Jesus on earth, locked down in the smallest of spaces. Ever so quietly becoming… a holy sperm in a human womb, germinating, growing, formed, squeezed and pushed. Born, wet, helpless, powerless, dependent, fully human. No sight or sound from heaven here.

Jean-Francois Millet, “The Flight into Egypt,” ca. 1864. Conté crayon, pen, ink, and pastel over gray washes on paper, 31.1 x 39.4 cm. Art Institute of Chicago. Source: http://www.schillerandbodo.com/artists/millet/artworks/the-flight-into-egypt; http://www.artic.edu/aic/collections/artwork/145832. Tags: Europe, France

Jesus in lockdown lived with his parents, initially as a refugee in Egypt. He had no idea that his newborn life was in danger. But they did. They fled to safety. Joseph worked on construction sites to pay the bills, Mary did her best to make a home in a foreign land. Neither of them anticipated this in their ten-year plan when they embarked, engaged, together. There was some tension for sure, they couldn’t wait to return home. It took more than a few years before they gazed down from the hills near Nazareth over the Sea of Galilee and the Capernaum coastline.

Jesus in lockdown lived an ordinary, very humble life in Nazareth. Annual treks up to the temple in Jerusalem on foot. Working with his father as soon as he was able, hanging out with brothers, sisters, and friends. What an extraordinarily ordinary life for someone from an entirely different realm!

Mercifully, most of that awareness remained at the door when he entered lockdown.

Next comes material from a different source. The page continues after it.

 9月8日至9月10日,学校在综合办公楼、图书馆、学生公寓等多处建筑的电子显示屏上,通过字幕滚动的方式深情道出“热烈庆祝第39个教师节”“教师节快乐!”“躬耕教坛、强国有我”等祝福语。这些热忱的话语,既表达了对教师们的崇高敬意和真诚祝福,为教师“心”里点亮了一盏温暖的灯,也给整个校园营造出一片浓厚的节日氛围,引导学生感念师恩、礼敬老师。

Couldn’t cram all its vastness into finite human form. Everything else was stripped away, until the Jesus in lockdown was reduced to being ‘just like us – in every way.’ Except without the infection, the virus, the plague. He had ears to hear and eyes to see, what we had lost. He squeezed in to show and tell, to remind and to restore, to renew and redeem.

Lockdown was no restriction. And yet it was. Jesus among humanity is God wearing a mask. For our protection, not his infection. God unmasked among us would kill us by his mere presence. The clean among the unclean. Jesus among us, in lockdown, for our benefit, for our encouragement, leading the way out of our, greater than Covid, lockdown.

As Jesus matured into manhood, he blossomed. Until at last came the great reveal! He revealed freedom in the midst of Roman occupation. Freedom under pharisaical religion. Freedom with meagre resources. Freedom when restricted to the smallest geographical region. His great reveal was that physical lockdown has no bearing on the spirit. A mustard seed of faith in the hands of his Father released sandwiches for the multitude, healing of disease, power to forgive, love for the enemy. It released wisdom to comprehend, eyes like laser beams to see through the darkness, and ears to hear the voice of his Father.

When finally the lockdown culminated in the injustice and brutality of the Cross there was no let up. On the third day the lock was picked, death defeated, and the doorway to heaven thrown open wide.

For those who follow in Jesus’ slipstream this Covid Christmas: Be free, be bold, be defiant, be expectant, be thankful, be encouraged, be at peace, be-lieve.